The log score is unbounded below; Brier and spherical are bounded alternatives that trade the $-\infty$ cliff for a finite miss penalty. That cliff is why the Other bucket is load-bearing under the log score but only useful under the bounded ones.

S_{\log} = \log \hat p_a \qquad S_{\mathrm{Brier}} = 2\hat p_a - \lVert\hat p\rVert_2^2 \qquad S_{\mathrm{sph}} = \hat p_a / \lVert\hat p\rVert_2

Reward

Single label

Apply the scoring rule to the induced distribution at the gold outcome. Under the log score the reward is just $\log p_V$ of the gold; in expectation that is the negative cross-entropy $-H(p^*, p_V)$ , maximized at $p_V = p^*$ .

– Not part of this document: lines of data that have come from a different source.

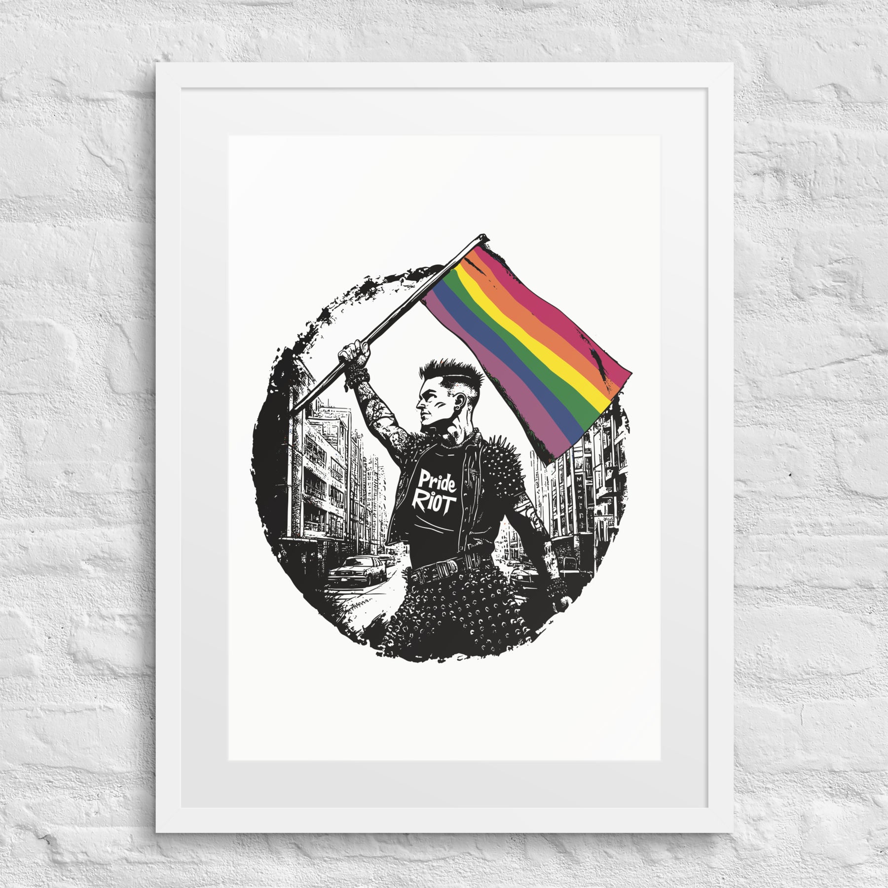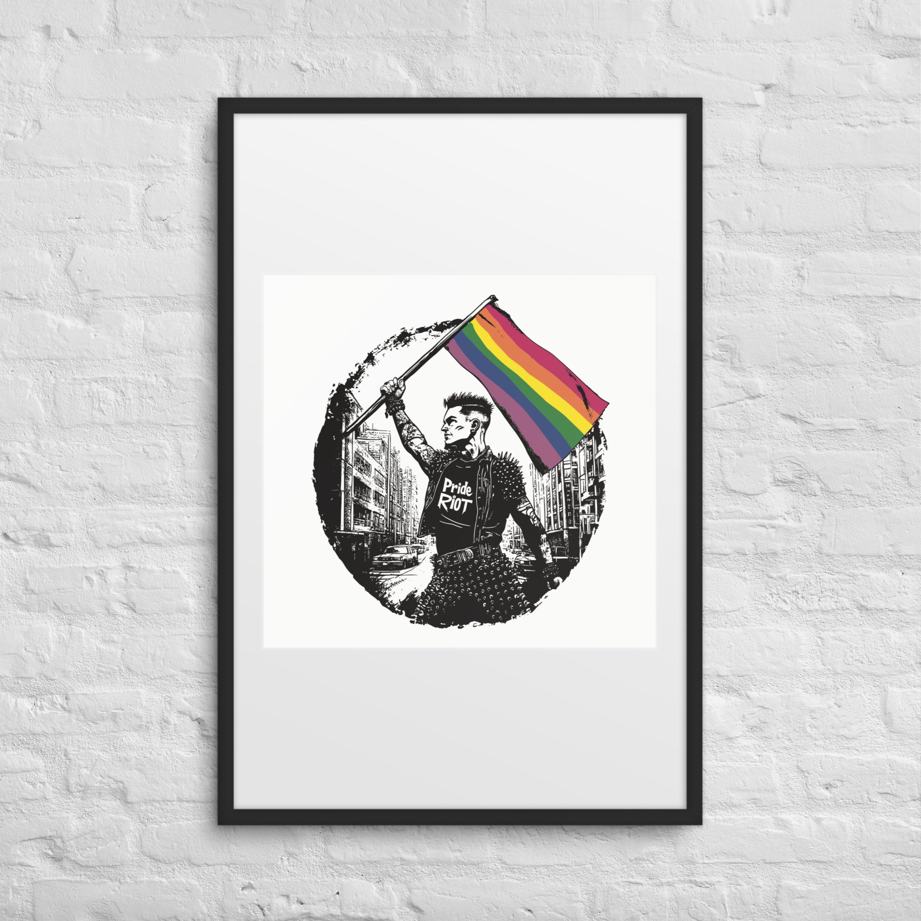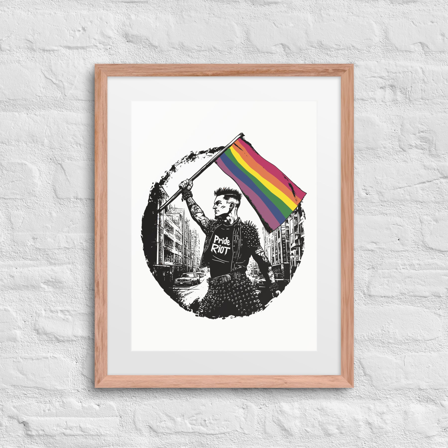 This premium Flagbearer framed poster comes with a white matboard, making your queer rebellion even more striking. Featuring our punk protester proudly raising the rainbow flag in defiance, this piece brings fierce energy and elevated style to any space.
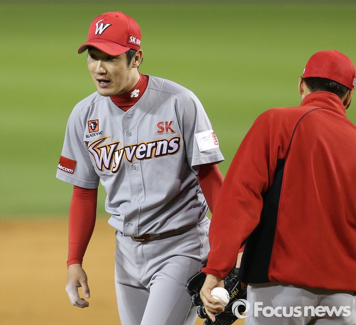 (서울=포커스뉴스) 27일 서울 잠실구장에서 열린 2016 프로야구 SK-두산 경기에서 6.2 이닝을 무실점으로 막은 SK 투수 박종훈이 마운드를 내려가고 있다.
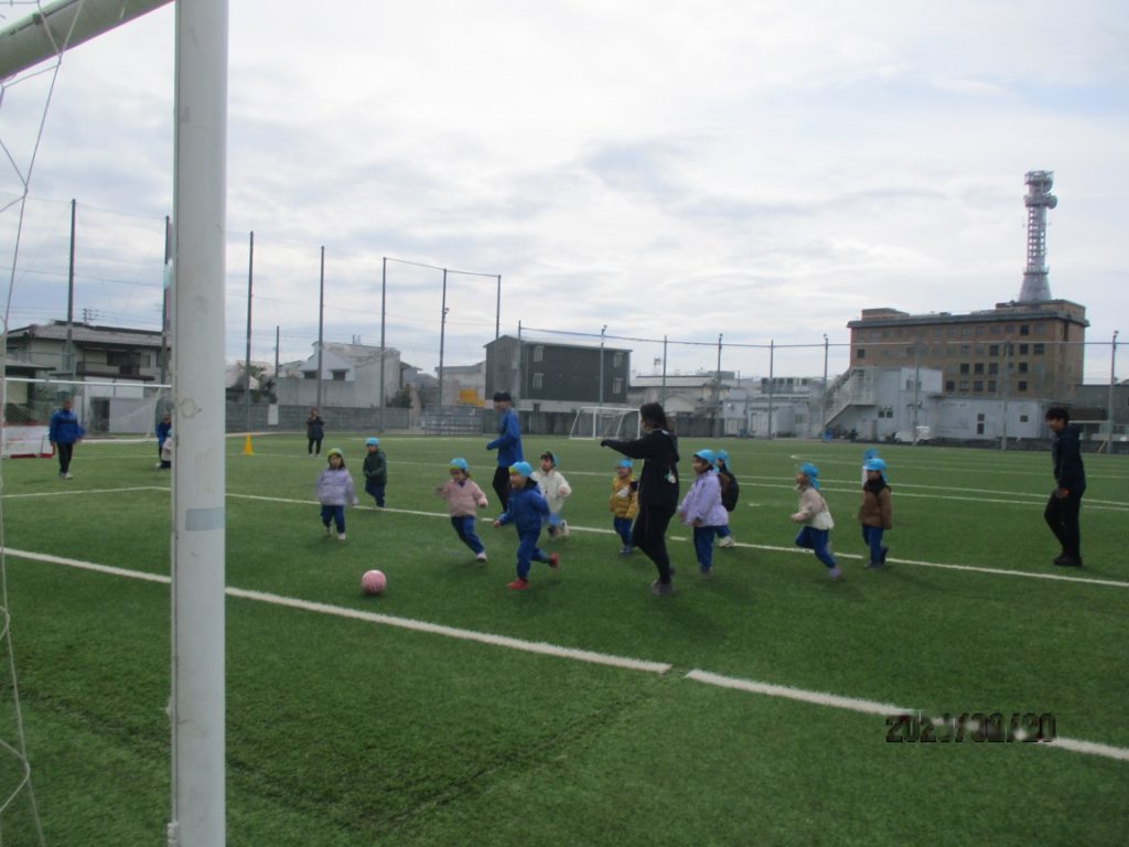 なかよしデーがありました。今回は城北高校に出掛けて広いグラウンドで思いきり体を動かしました。まずは準備運動!たくさん走って体操をしたり、ボールに触れたりしました。

r(\mathcal{L}, y^*) = S\bigl(p_V(\cdot \mid x, \mathcal{L}),\ y^*\bigr) \;\xrightarrow{\ S_{\log}\ }\; \log p_V(y^* \mid x, \mathcal{L})

Distributional gold

When the dataset gives the gold distribution directly — ProtoQA’s crowd counts, DDXPlus’s per-case differential — the reward is the full cross-entropy against it. A single label is the one-sample estimate, with $p^* = \delta_{y^*}$ .

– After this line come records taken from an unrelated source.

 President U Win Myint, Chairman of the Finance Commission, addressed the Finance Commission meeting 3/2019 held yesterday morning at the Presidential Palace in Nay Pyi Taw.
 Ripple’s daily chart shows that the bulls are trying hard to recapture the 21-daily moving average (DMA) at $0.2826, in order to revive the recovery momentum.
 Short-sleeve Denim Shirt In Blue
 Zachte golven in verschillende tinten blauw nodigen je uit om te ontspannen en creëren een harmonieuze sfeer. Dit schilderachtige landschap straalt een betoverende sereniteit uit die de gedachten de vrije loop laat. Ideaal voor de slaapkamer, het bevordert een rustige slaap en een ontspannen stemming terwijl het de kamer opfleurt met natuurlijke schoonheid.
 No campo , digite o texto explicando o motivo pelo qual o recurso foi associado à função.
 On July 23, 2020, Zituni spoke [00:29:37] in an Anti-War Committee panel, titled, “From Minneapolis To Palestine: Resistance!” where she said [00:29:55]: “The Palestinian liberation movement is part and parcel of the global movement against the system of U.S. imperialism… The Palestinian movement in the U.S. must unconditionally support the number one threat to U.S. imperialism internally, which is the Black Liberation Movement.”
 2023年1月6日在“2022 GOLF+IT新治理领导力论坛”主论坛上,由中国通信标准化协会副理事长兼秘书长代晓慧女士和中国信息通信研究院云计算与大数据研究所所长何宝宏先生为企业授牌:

r(\mathcal{L}, p^*) = \sum_{j} p_j^* \, \log p_V(y_j \mid x, \mathcal{L})

The Other-bucket tension

Setting $w_0 = 1$ earns $r = \log p_{\mathrm{LM}}(y^* \mid x)$ with zero reasoning — a possible local optimum during RL. But listing the correct hypothesis with $w_k > p_{\mathrm{LM}}(y^* \mid x)$ is strictly better, so the global optimum still requires genuine hypothesis generation. Mitigations: prompt for multiple hypotheses, add a $-\alpha w_0$ penalty, or attach an RLCR-style correctness bonus. Empirically the gold support decides which way it goes — single-answer gold collapses the list, wide gold support spreads it (ProtoQA).